Lectureship Series Well-Meaning Yet Fundamentally Divisive

The Editorial Board

The always-divisive Ronald Reagan Political Lectureship Series began anew on Thursday, kicking off its 2012–2013 calendar with a talk by political commentator Bill Whittle advertised as “What We Believe: Why the Right is Right” — although Whittle was quick to de-emphasize the second part of that title in favor of the first. He told us he didn’t expect to convince us (“us,” apparently, meaning the all-consuming liberal monolith otherwise known as the Oberlin student body); as long as we realized that conservatives were not “motivated by meanness, anger, or a desire to see people get hurt,” that was enough for him.

But as Whittle’s talk went on it zigzagged between conciliatory and defensive in a frustrating way.
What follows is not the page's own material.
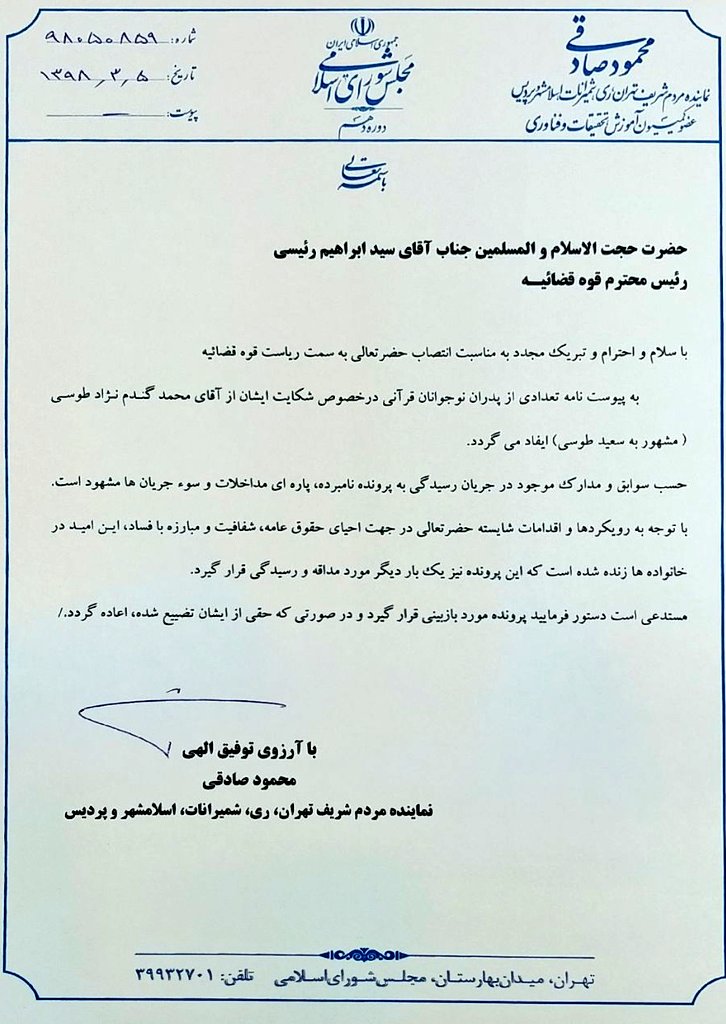 «پیرو درخواست تعدادی از پدران نوجوانان قرآنی و باتوجه به رویکردهای امیدبخش رییس محترم قوه قضاییه، از ایشان درخواست کردم دستور دهند پرونده ی مربی صوت و لحن مورد بازبینی و رسیدگی مجدد قرار گیرد».

He stressed common goals, but all too often the “liberals” he was distinguishing from were merely straw men, propped up into holding the photographic negative of the conservative position. If you say something like “Conservatives believe that wealth can be created,” or “I’ve never heard a conservative not get a little teary about [the immigrant legacy of America]” you’re implying that liberals do not believe in the marketplace and that liberals never cry for their immigrant grandparents. Whittle seemed to submit to the division of the crowd, asking everyone who owned a firearm to raise their hands, then everyone who voted Republican to raise their hands, then nodding knowingly as the same hands went up.

The lecture series, according to Oberlin Trustee Steven Shapiro, OC ’83, is intended to “compensate in a small way for Oberlin’s overwhelmingly liberal intellectual bias,” as he wrote in a letter to the Review last week. And surely bringing a wide variety of opinions to campus is a laudable goal. But the series has often had the opposite effect, further dividing the campus and community with events that are more spectacle than substantive debate.

This trend shouldn’t be laid at the feet of Shapiro or the OCRL, both of whom appear to be legitimately committed to bringing smart conservative thinkers to campus to encourage meaningful discourse. It’s simply a product of the political demographics of Oberlin. Any republican or libertarian here is bound to feel cornered, constantly fighting an uphill battle for intellectual survival. There was not a moment during Whittle’s talk where anyone could forget the divide between speaker and audience. The defensive strategy of hewing tightly to the GOP boilerplate seems to be preferred to offering more nuanced theories. The speakers are more concerned with staking and defending their claims as conservatives than actually engaging in discussion. The Q&A format devolves into a platform for attack rather than probing or exploration. Lectures have become Oberlin’s occasional installment of Fox News, and it isn’t helping anything.

None of this is to say that Obies don’t bear some of the blame. This is a conversation we have all too often, but it will bear repeating until something changes. For as much as we champion intellectual flexibility, many of us don’t come to Oberlin prepared to grow in any significant way — college simply represents a shift from one liberal incubator to another, staunchly opposed to even entertaining the possibility of changing our minds. It’s one thing for a campus to be ideologically homogeneous, it’s another for it to be close-minded in its homogeneity.

The Lectureship Series has become a sort of infinite feedback loop, feeding on itself and showing no signs of slowing down. Perhaps the answer lies in a change to a more intimate, forum-like environment conducive to actual dialogue, though many individual speakers will only agree to the current lecture structure. Whatever the solution may be, the Series hasn’t been able to serve its purpose, pushing both campus and community farther apart rather than starting a productive conversation.